Homosexuality was decriminalised in Russia in 1993, but the government has nevertheless implemented several laws that discriminate against LGBTQ+ people and activists.

On 5 December, Putin enacted a law that criminalises favourable public depictions or mentions of LGBTQ+ topics, for which violators can receive fines, imprisonment or expulsion from the country.


Same-sex relations were decriminalised in India in 2018, but LGBTQ+ individuals still face significant discrimination and violence, and the country has yet to enact comprehensive anti-discrimination laws to protect the rights of LGBTQ+ individuals.


Homosexuality is technically legal in Indonesia, but LGBTQ+ individuals still face significant discrimination and persecution. Indonesia is a predominantly Muslim country, and many people in the country hold conservative views on sexuality and gender.

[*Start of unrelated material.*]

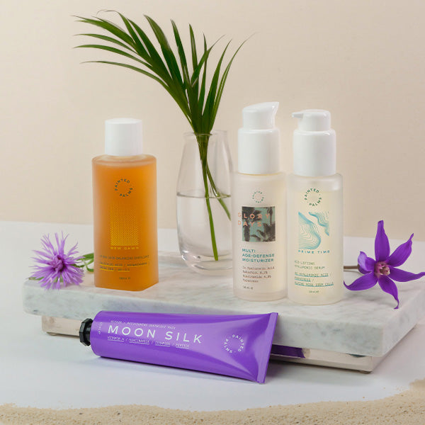 Mit Ausnahme von Moon Silk und New Dawn können die Produkte von Painted Palms während der Schwangerschaft oder des Stillens verwendet werden. Da Moon Silk und New Dawn Retinoide und Salicylsäure enthalten, sollten sie nicht während der Schwangerschaft oder des Stillens verwendet werden.

The government has enacted laws that restrict LGBTQ+ rights and expression, including a 2018 law that criminalises the promotion of "deviant" sexual acts, which has been used to target LGBTQ+ individuals and organizations.


The penalties for homosexuality vary widely among the rest of the countries where it is still criminalised. In some countries, the punishments imposed are less severe, such as fines, while in others they can be violent, including imprisonment, flogging, whipping and forced psychiatric treatment.

At least nine countries allow for punishment by life in prison for same-sex relations: Pakistan, Zambia, Uganda, Tanzania, Sudan, Sierra Leone, Guyana, Gambia and Bangladesh.

In addition to the legal penalties, LGBTQ+ individuals in these countries often face discrimination, harassment and violence from their communities, including their families, neighbours and even law enforcement officials.

For example, LGBTQ+ individuals may be denied access to housing, employment and healthcare, and may be subjected to verbal and physical abuse. They may also be forced to conceal their sexual orientation or gender identity, which can lead to social isolation, depression and other mental health issues.

In some cases, LGBTQ+ individuals may be targeted by vigilante groups or mobs, who may beat or kill them with impunity. When they seek help from authorities, they may be further victimised, as police and other officials may ignore their complaints or even arrest them on charges of homosexuality.


The criminalisation of homosexuality also has a suffocating effect on LGBTQ+ activism and advocacy. LGBTQ+ individuals and organisations may be subject to surveillance, harassment and intimidation by authorities, and may face legal penalties for their work.

However, NGOs across the world continue their mission of providing resources to LGBTQ+ people, in some cases helping them flee their homecountries to escape persecution.

  • The Rainbow Railroad: This organisation helps LGBT+ individuals escape state-sponsored or social violence in countries where homosexuality is illegal. They work to identify individuals who are in danger and provide them with support to flee to safer locations. In 2022, they received 10,000 requests for assistance from LGBTQ+ people.
  • OutRight International: This organisation engages in advocacy, research and education to promote change and support the LGBTQ+ community. They work to advance inclusion of marginalised people and to pressure governments to endorse protective laws.
  • ILGA: This organisation empowers other networks of human rights organisations and promotes the protection of LGBTQ+ people through research, empowerment and advocacy work.